Classification of the finemapping results

library(dplyr)
grou12<-read.csv("result.EUR.cluster.csv")
group2<-read.csv("result.YRI.cluster.csv")


#(1) group1_only finemapped genes
group1_only <- unique(group1$gene[!(group1$gene %in% group2$gene)])
#(2) group2_onlyfinemapped genes
group2_only <- unique(group2$gene[!(group2$gene %in% group1$gene)])
#(3) both_overlapped
#gene.SNP matched genes
both_overlapped_SNP <- unique(group2$gene[(group2$gene.SNP %in% group1$gene.SNP)])
#(4) both_non_overlapped
#gene.SNP non-matched genes
both_overlapped <- unique(group2$gene[(group2$gene %in% group1$gene)])
both_non_overlapped <- unique(both_overlapped[!(both_overlapped %in% both_overlapped_SNP)])

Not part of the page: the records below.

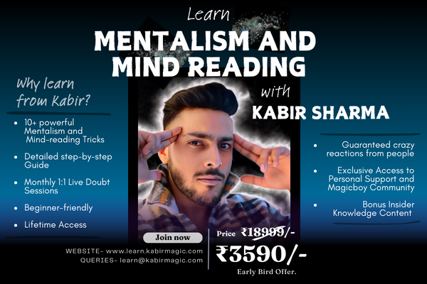 Taught by India's #1 Mentalist, Kabir Sharma, this course will unlock your potential and elevate your magic skills to the next level. 🔥
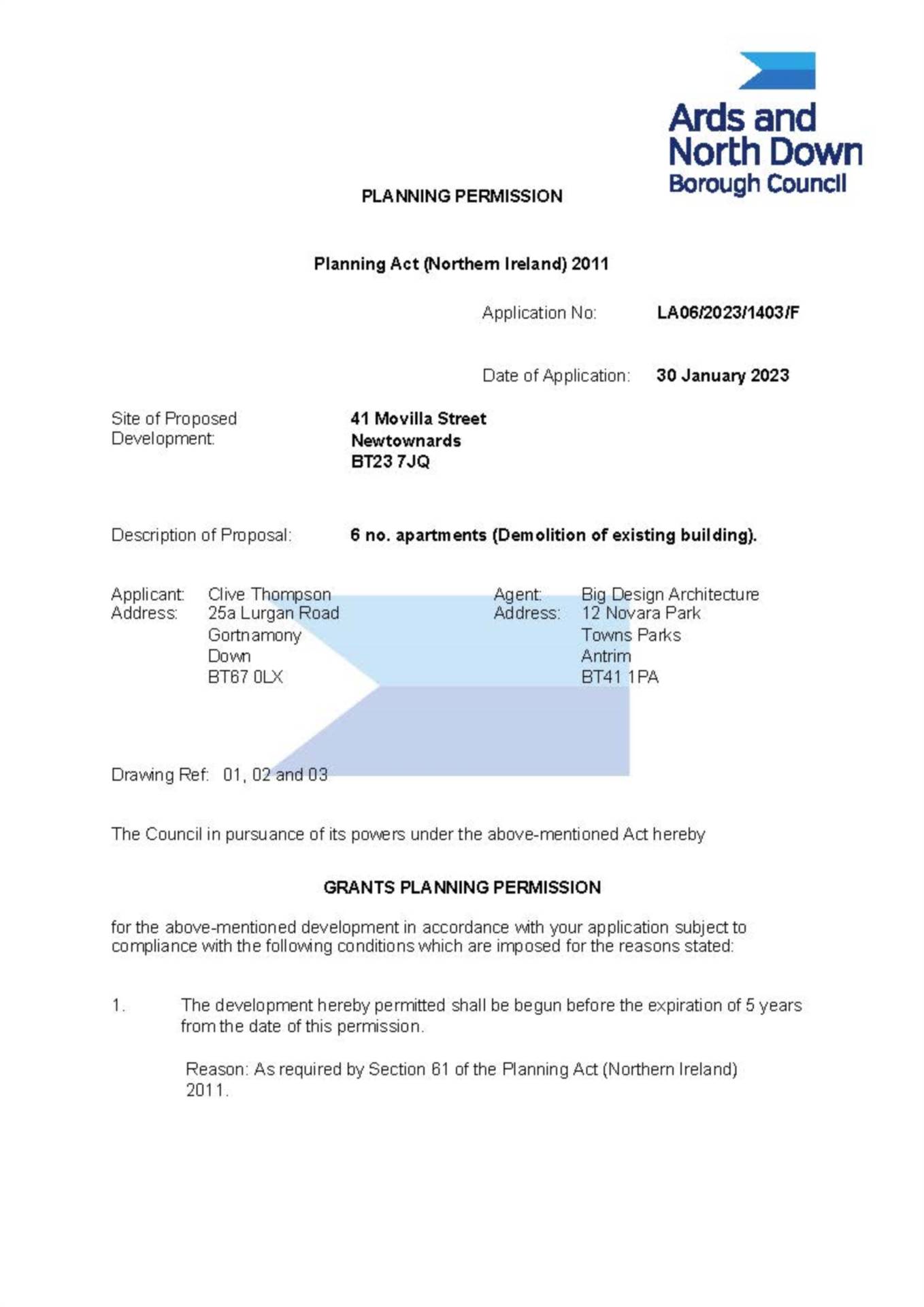 Development opportunity with full planning permission for 6 x two bedroom apartments. The 6 apartments will be positioned over three floors with a communal entrance.
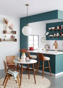 - Large and bulky models should be avoided. It is worth paying attention to a set with a bar counter or buy a kitchen under the ceiling. But large dining tables are best not to purchase. In addition, it is important that all items in the kitchen do not interfere with free movement.
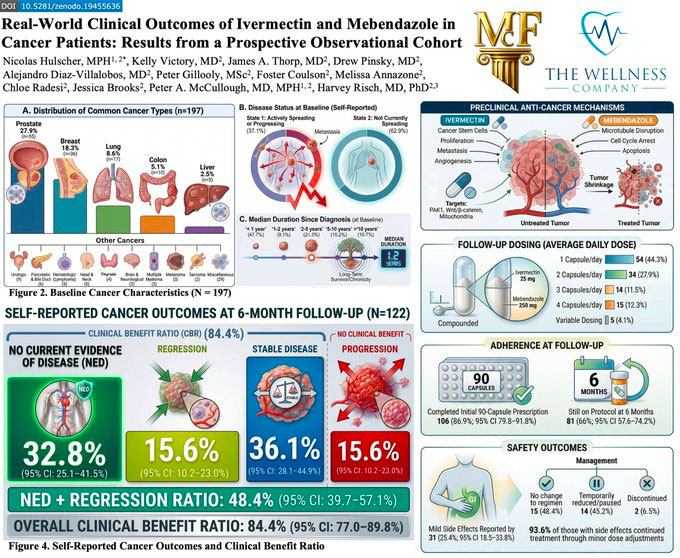 URGENT : Étude la plus importante en conditions réelles sur l’ivermectine + mébendazole chez des patients atteints de cancer montre un bénéfice clinique de 84,4 % — Près de LA MOITIÉ rapportent une disparition du cancer ou une régression tumorale.

df1 <- data.frame(gene=both_overlapped_SNP, status = "both_overlapped")
df2 <- data.frame(gene=both_non_overlapped, status = "both_non_overlapped")
df3 <- data.frame(gene=group1_only, status = "EUR_only")
df4 <- data.frame(gene=group2_only, status = "YRI_only")

DF4<-rbind(df1,df2,df3,df4)
write.csv(DF4, file = "geneclass.csv")

Obtain the frequency of the genetic variants

module load vcftools
module load bcftools
module load htslib

module load vcftools
for i in `seq 1 22`
do
   vcftools --gzvcf chr$i.1000gphase3.EUR.0.01.biallelic.snp.recode.vcf.gz --snps SNPs.EURgroup.txt --keep group1_indivi.csv --recode --recode-INFO-all --out chr$i.specific_snp_group1
done

for i in `seq 1 22`
do
   vcftools --gzvcf chr$i.1000gphase3.EUR.0.01.biallelic.snp.recode.vcf.gz --snps SNPs.EURgroup.txt --remove group1_indivi.csv --recode --recode-INFO-all --out chr$i.specific_snp_group2
done
c

bcftools concat chr{1..22}.specific_snp_group1.recode.vcf -o  specific_snp_group1.vcf
bcftools concat chr{1..22}.specific_snp_group2.recode.vcf -o  specific_snp_group2.vcf


vcftools --vcf specific_snp_group1.vcf --freq --out group1
vcftools --vcf specific_snp_group2.vcf --freq --out group2
done

VarLD Analysis

module load vcftools
module load htslib
module load python
module load java

#sbatch varLD.slurm
#cd /project2/xuanyao/marie/E-GEUV-1/LDSC/varLD

#csvfile=/project2/xuanyao/marie/E-GEUV-1/finemap/genelist.location1.csv
csvfile=/project2/xuanyao/marie/E-GEUV-1/finemap/varLD/result720/genelist.location2.csv
for line in `cat ${csvfile} | grep -v ^#`

do
gene=`echo ${line} | cut -d ',' -f 1`
srun --exclusive -N1 -n1 java -jar /project2/xuanyao/marie/E-GEUV-1/LDSC/varLD/rgenetics-1.0.jar -p VarLD /project2/xuanyao/marie/E-GEUV-1/finemap/varLD/${gene}.varLDgenotype.Yoruba.csv /project2/xuanyao/marie/E-GEUV-1/finemap/varLD/${gene}.varLDgenotype.EUR.csv -n 200 -o /project2/xuanyao/marie/E-GEUV-1/finemap/varLD/result720/varLD${gene}.L200.txt


done
wait

Genetic Correlation Analysis

Prepare input files

setwd("/Users/saitoumarie/Dropbox/Chicago/RCC/eQTL.practice/LDSC/phen")
genelist=read.csv("LDSC/test3.location.csv", header=T,stringsAsFactors = F)
EUR = read.csv("EUR.TPM.scaled.csv", header=T,stringsAsFactors = F)
Yoruba = read.csv("Yoruba.TPM.scaled.csv", header=T,stringsAsFactors = F)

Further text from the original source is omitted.